Recently I found myself in an aisle at Target devoted to all things Hex.  They had bugs and beetles and battle spiders and even Hexfish.  It occurred to me that all fish ever did was flit around in a glass container anyways, so the bar was being set relatively low for any robotic imitators. And so naturally I did what any other 36 year old man in my situation would do. I bought the Hexfish, pulled out the 30 gallon fish tank I’d once used to house my bearded dragon (may he rest in peace), rearranged my office to feature the tank on a glass desk against the wall, and gave my Hexfish his (or her) first taste of water.
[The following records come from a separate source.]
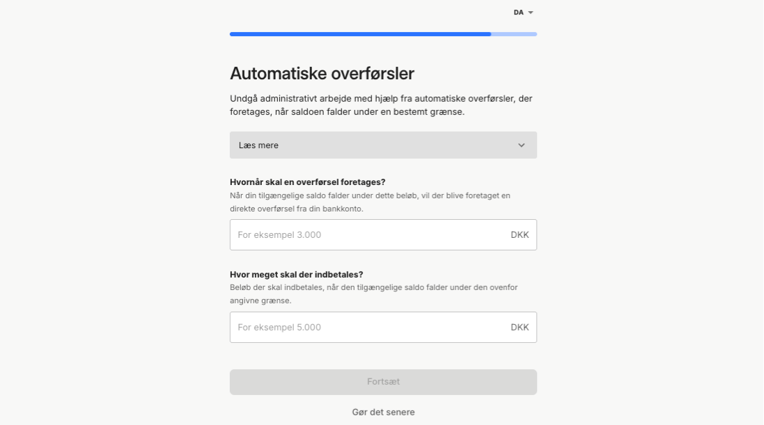 - Vælg om du vil ansøge om kredit allerede nu, eller om du vil begynde med en kontooverførsel. Tryk efterfølgende på “Forsæt”.
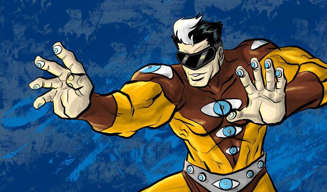 Ослепленный взрывом на складе, Филлип Рирдон думал, что больше никогда не сможет видеть. Пока какой-то шарлатан не начал его убеждать, что он может прикрепить сетчатки к его кончикам пальцев. Это не представляется возможным с медицинской точки зрения, но, вы знаете, комиксы.
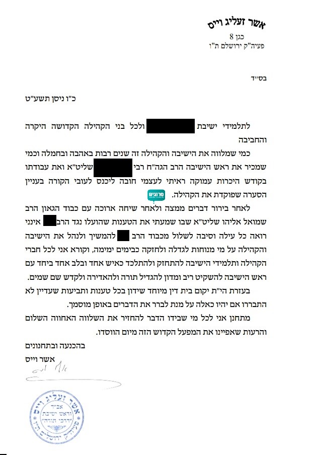 במכתב שמופנה לתלמידי הישיבה ובני הקהילה שסביבה, כותב הרב וייס בין השאר: "כמי שמלווה את הישיבה והקהילה זה שנים רבות באהבה ובחמלה וכמי שמכיר את ראש הישיבה הרב … ואת עבודתו בקודש היכרות עמוקה, ראיתי לעצמי חובה ליכנס לעובי הקורה בעניין הסערה שפוקדת את הקהילה.
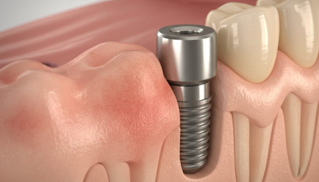 次に、インプラント周囲炎という感染症があります。これは、インプラントの周辺組織に炎症が起こる状態で、放置すると最終的にインプラントが脱落してしまう可能性があります。

And for a few moments it seemed as though my $30 gambit had paid off.  That little fellow took right to his tank and began swishing his tail and swimming around as though I’d just got him from the local pet store.  Pleased with myself I sat down at my desk to do a little work, excited at the new distraction that my fish would provide to the impending fits of tedium.

But it was when I sat down to try and do something else that I recognized a problem.  For filling the entire room was a not particularly imperceptible click, click, click.  Now it had been a while since I’d owned a real fish, but I’m pretty sure they don’t make clicking noises.  Clicks come from solid hard things banging together.  Not from squishy, wet fins.  And here was the fatal flaw in the design of my Hexfish.  For if I squinted, it certainly looked like a fish.  It appeared to move like a fish.  But it most certainly did not sound like a fish – which is to say that it made some sounds where fish are known to make none.  When one pictures the large, opulent fish tanks that fill restaurants and fancy hotel lounges, the idea that each of the tiny little creatures inside would be emitting an audible click, click, click, well it seems to defeat the entire purpose.

So at that point I did what any 36 year old man in my situation would do.  I removed my robotic fish from my 30 gallon fish tank, placed it on a nearby desk, and forgot about it, and the fish tank, until my wife demonstrated just how stagnant the water had become a week later.

Which is all to say that if the state of the art in robotic fish technology is any indication, we may have some time before we need to start drafting that Dream Act for robots.



  1. I am so so glad you started this blog. What an entertaining read! I think I have an advantage, knowing you, because I can see you doing all that you write and it brings me joy! Thank you for sharing your stories!
    Maybe, probably or most likely,
    your favorite Aunt

  2. “Now me, I’m no stranger to robots.” You’re one of the only people who can say that. I also believe you got the (failed) opportunity to escape from a room for yhour birthday. NOt a bad day!

  3. I find myself more and more often thinking about what life will be like once software/machines are sentient and intelligent. What seems most likely to me was the end result of the movie Her where the AI essentially lose interest in us because we can’t keep up, not even close. At that point, do they turn on us and make us batteries à la Matrix, or would they still deign to take care of us and treat us like masters or even equals? It will be a wild ride either way!